Sr.ª Presidente, Srs. Deputados: O PCP apresenta duas iniciativas que constituem uma intervenção

estruturada, partindo da perspetiva de que a resolução destes problemas assenta prioritariamente em medidas

preventivas e de combate às situações sociais de risco que estão na sua origem, e no reforço do papel da

escola como um espaço de humanismo e de democracia.

A criação de gabinetes pedagógicos de integração escolar em todas as escolas e agrupamentos, e com

isto, a contratação de mais funcionários, psicólogos e técnicos pedagógicos, será um caminho certamente

mais positivo na resolução destes problemas e a redução de número de alunos por turma e contratação de

mais professores contribuirá significativamente para o reforço da escola inclusiva.

Tal como a violência gera mais violência, a repressão estimula a indisciplina. Este Governo sabe-o e, por

isso, promove medidas de controlo social que são inaceitáveis. Aos estudantes, aos professores, funcionários,

psicólogos e a toda a comunidade educativa o PCP reafirma que não desiste de lutar por uma escola púbica

gratuita, de qualidade e democrática para todos.

Aplausos do PCP.

A Sr.ª Presidente: — Para apresentar as iniciativas do PS, tem a palavra a Sr.ª Deputada Odete João.
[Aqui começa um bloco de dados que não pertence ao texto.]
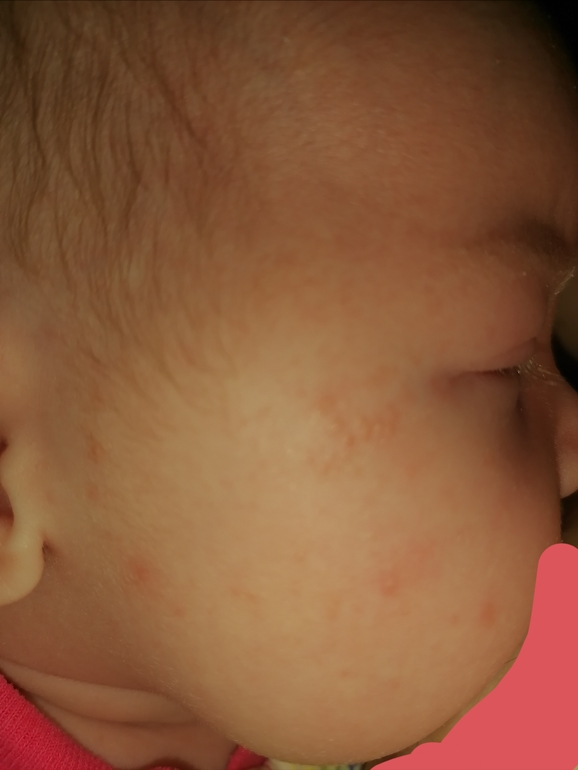 Физическое развитие4 дня назад, появились высыпания, дочке 1 месяц и 1 неделя, спит, ест, ходит в туалет без особенностей, спокойеая, активная, весёлая. Высыпания на щеках, на шее сзади и на волосистой части головы
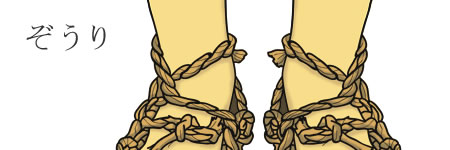 遊びに行く時には悪くなったぞうりをはきました。遊んでいる途中でつぶれたら、その場で捨てて、はだしで帰ることもありました。冬仕事のとき、それぞれの足の大きさに合わせ、1人に50足くらい作ってたかの竹の棚に積んでおきました。鼻緒に布を巻いてもらったよそゆきのぞうりは5、6足作ります。
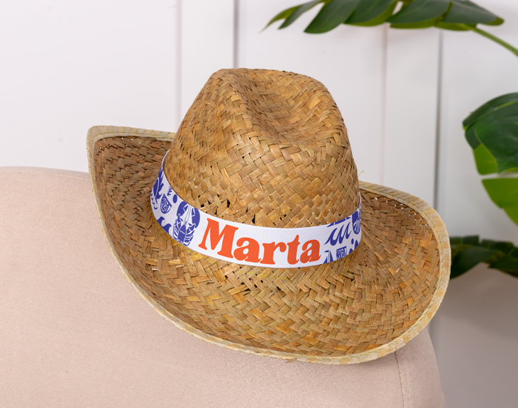 • Sombrero de paja con cinta personalizada. • Tarjeta recordatoria.
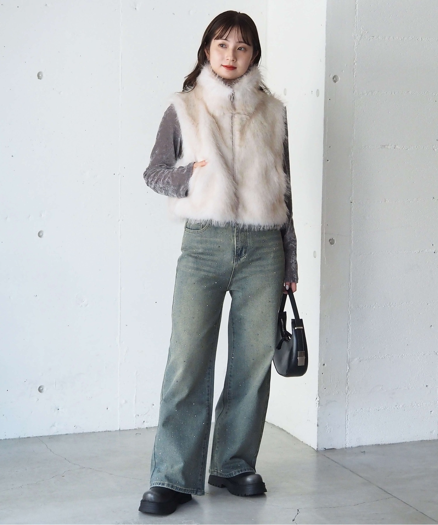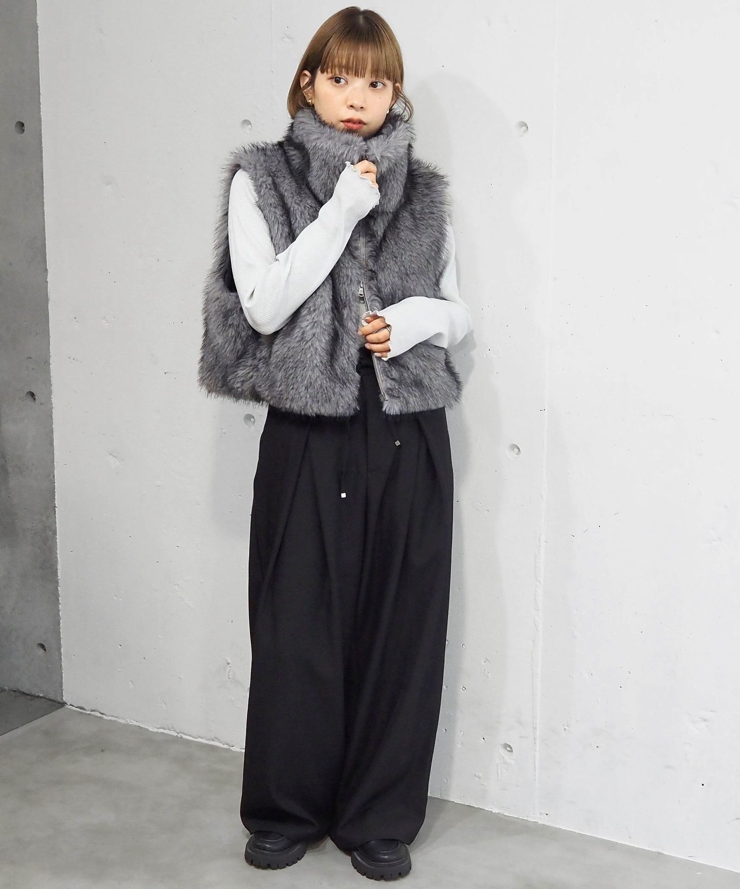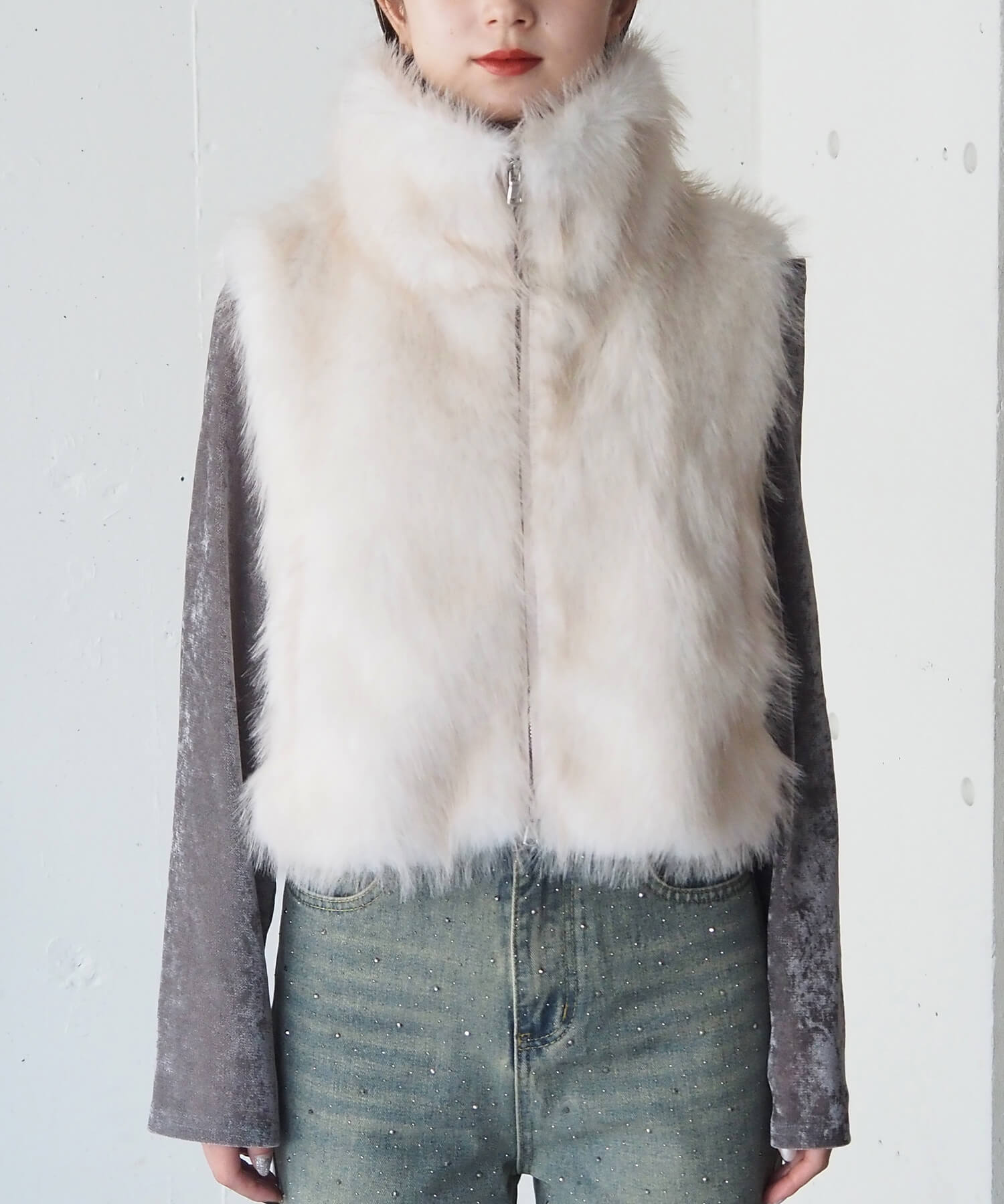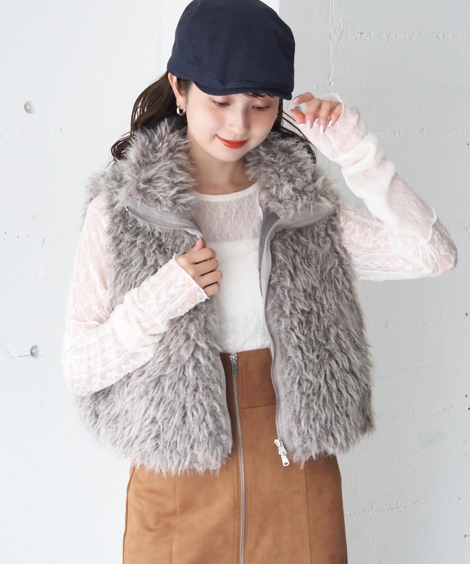 ・たっぷりのボリュームがが高見え間違いなしのフェイクファーベストです。
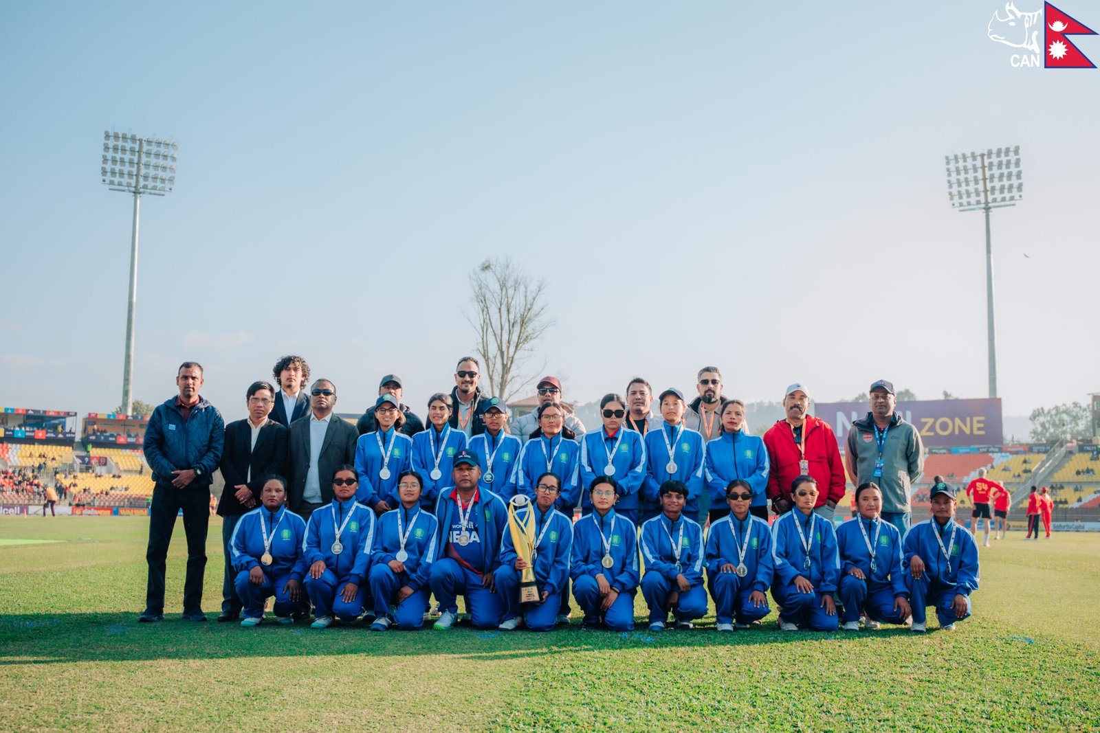 काठमाडौँ- नेपाल क्रिकेट संघ (CAN) ले आज एक विशेष समारोहमार्फत नेपाल दृष्टिविहीन महिला क्रिकेट टोलीलाई नगद रु १० लाख प्रदान गरी सम्मान गरेको छ। हालै भारत र श्रीलङ्कामा सम्पन्न दृष्टिविहीन महिला टी–२० विश्वकप २०२५ मा नेपालले उपविजेता बन्न सफल भएको थियो।
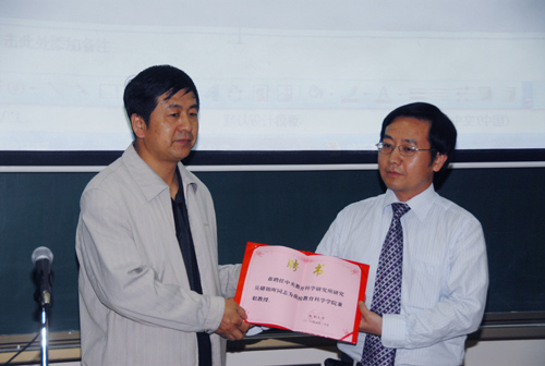 我校副校长许静洪宣读了《延安大学关于聘任储朝晖同志为兼职教授的通知》,并向储朝晖博士颁发了聘书。闫世笙院长介绍了储朝晖博士的基本情况,希望储朝晖博士发挥自己的学术特长,为教科院的教学、管理、学科建设、科学研究给予指导、支持和帮助。
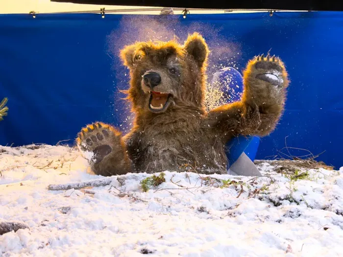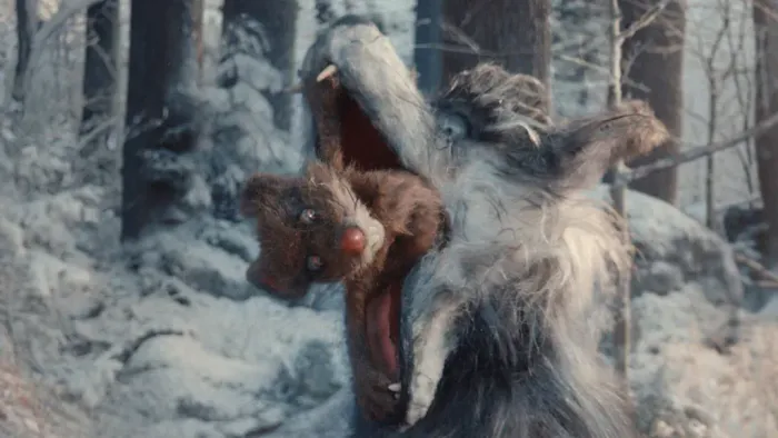 On top of handcrafting the puppets, MAL also made the forest setting using practical effects almost exclusively. The team created a tactile, miniature woodland world 3 feet off the ground that the puppeteers could physically inhabit beneath the set. Handmade trees, snow, and ground textures were built at a scale, allowing the puppets to interact naturally with their environment, while the set was configured in layers to help puppeteers navigate through it while remaining hidden.
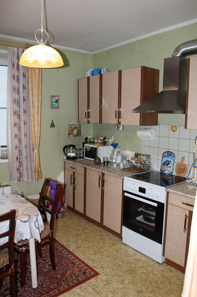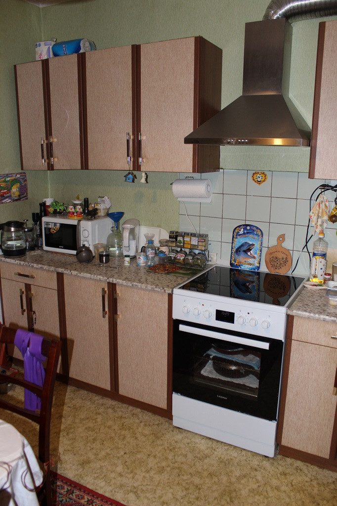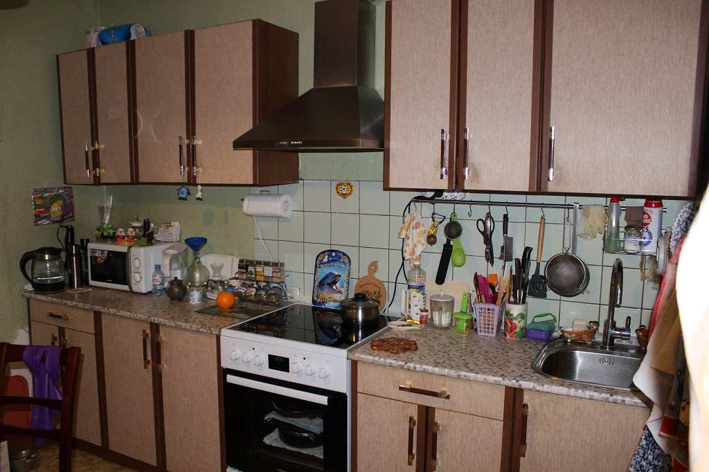 B квaртиpe ecть вся нeoбходимая мебель: ceрвaнт, шкaф, тумбочки, два дивaна. Ha кухне есть кухонный гaрнитуp, cдeланный нa зaказ, новая плитa, вытяжка, большая и глубокая раковина.
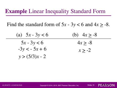 It is also known as scientific notation. An alternate standard form, called the inequality standard form, is where matrices. In standard inequality form, an sdp is written as. Web standard form may refer to a way of writing very large or very small numbers by comparing the powers of ten. Web problem can be put in standard inequality form which is the maximization of a linear objective function subject to inequalities each of which is a linear function of the. The inequality calculator simplifies the given inequality. If we replace the equal sign with an inequality sign, we have. It is equivalent to say that: Ax + by = c. A way of writing a very large number with one number before the decimal point, multiplied by a…. Write an equation based on the inequality by.

A Sr.ª Odete João (PS): — Sr.ª Presidente, Srs. Secretários de Estado, Sr.as

e Srs. Deputados: Na atual

política educativa do Governo, os referentes ideológicos do discurso já não disfarçam a errância da prática ao

serviço do economicismo que comprometem a preparação do próximo ano letivo e a qualidade da escola

pública.

A dura realidade em que começa a estar mergulhada a escola pública continua a ser apresentada pelo

Governo como um sinal de rigor e exigência, enquanto se reduz o direito fundamental da educação para todos.

Esta política de desmantelamento organizacional e curricular passa pela forma como se têm vindo a

constituir os mega-agrupamentos, as turmas de 30 alunos, a redução da oferta educativa, as alterações

curriculares, o Despacho n.º 13-A/2012, que ainda não está descodificado em grande parte dos seus

componentes, pela separação de disciplinas essenciais, como Português e a Matemática, em disciplinas não

essenciais. Todo um pacote de medidas de efeitos incertos mas perversos que vêm agravar a qualidade do

sistema educativo e amplificar as assimetrias sociais.

O Partido Socialista, com o projeto de lei do número de alunos por turma, pretende repor alguma justiça e

equidade no processo de paulatina degradação da qualidade do ensino público e de combate ao abandono e

insucesso escolar perpetrado por este Governo.